US 11,942,189 B2
Drug efficacy prediction for treatment of genetic disease
Seyed Ali Kazemi Oskooei, Zurich (CH); Maria Rodriguez Martinez, Thalwil (CH); and Matteo Manica, Zurich (CH)
Assigned to International Business Machines Corporation, Armonk, NY (US)
Filed by International Business Machines Corporation, Armonk, NY (US)
Filed on Jan. 16, 2019, as Appl. No. 16/249,110.
Prior Publication US 2020/0227134 A1, Jul. 16, 2020
Int. Cl. G16H 50/50 (2018.01); G06N 20/00 (2019.01); G16B 5/20 (2019.01); G16B 25/10 (2019.01); G16H 20/10 (2018.01)
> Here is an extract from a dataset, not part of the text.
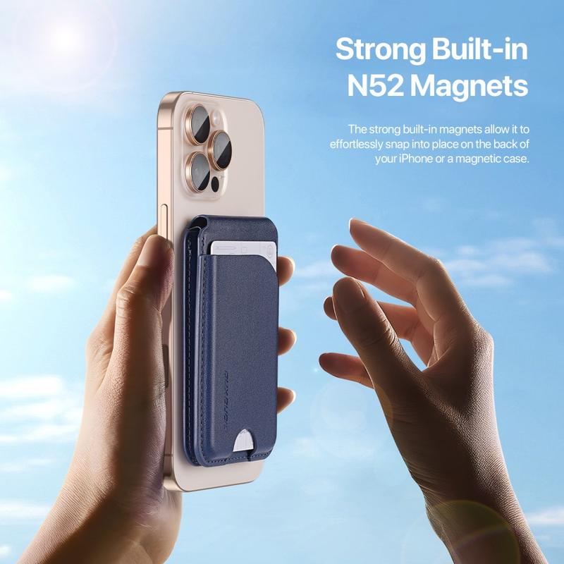 Det här magnetiska plånboksstativet erbjuder en smart balans mellan stil, kapacitet och mångsidighet. Det starka magnetfästet håller den stadigt på plats, medan det justerbara stativet ger bekvämlighet i vardagen. Med plats för flera kort och en raffinerad finish är det ett utmärkt val för användare som vill ha funktionalitet utan volym.
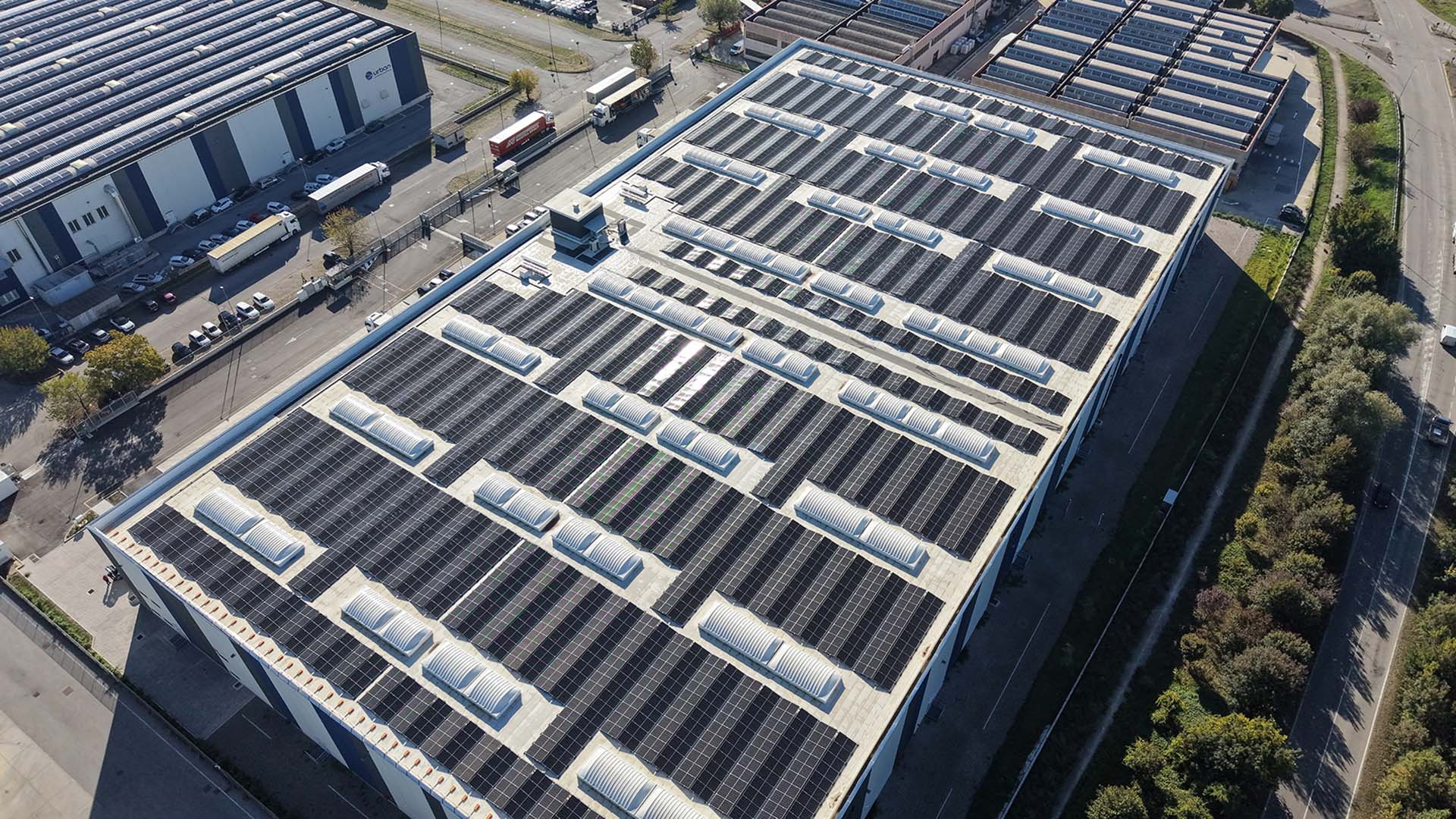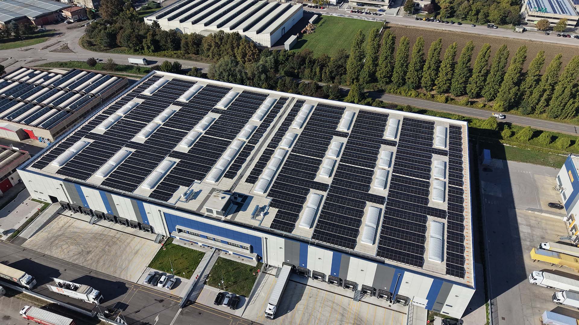 Nel nuovo polo logistico di Rolo, nel cuore della pianura padana, la copertura piana dell’edificio è stata trasformata in un grande campo fotovoltaico.

CPC G16B 5/20 (2019.02) [G06N 20/00 (2019.01); G16B 25/10 (2019.02); G16H 20/10 (2018.01); G16H 50/50 (2018.01)] 19 Claims
OG exemplary drawing
 
1. A computer-implemented method, the method comprising:
determining relevance of a gene to efficacy of a particular pharmaceutical drug based on prior knowledge indicating known or predicted sensitivity of genetic characteristics to action of the particular pharmaceutical drug;
storing, based on a dataset correlating data for disease-cell samples with drug efficacy values for the disease-cell samples, bias weights corresponding to respective genes in samples, the bias weights being dependent on relevance of respective genes to drug efficacy for the respective genes and being determined prior to generating a machine learning model, wherein bias weights assigned to genes relevant to drug efficacy are assigned higher values than what are assigned as values for bias weights assigned to genes that are non-relevant to drug efficacy;
generating the machine learning model for drug efficacy prediction in treatment of genetic disease from the dataset, the generating the machine learning model comprising:
processing said dataset via a tree ensemble method wherein decision trees are grown with splits corresponding to respective genes in said samples, the genes for the splits being chosen from respective subsets of said genes and based on respective selection probabilities dependent on corresponding bias weights and the bias weights are translated during the processing into the selection probabilities for generating the splits; and
storing said machine learning model for prediction of drug efficacy values based on gene expression data of patients.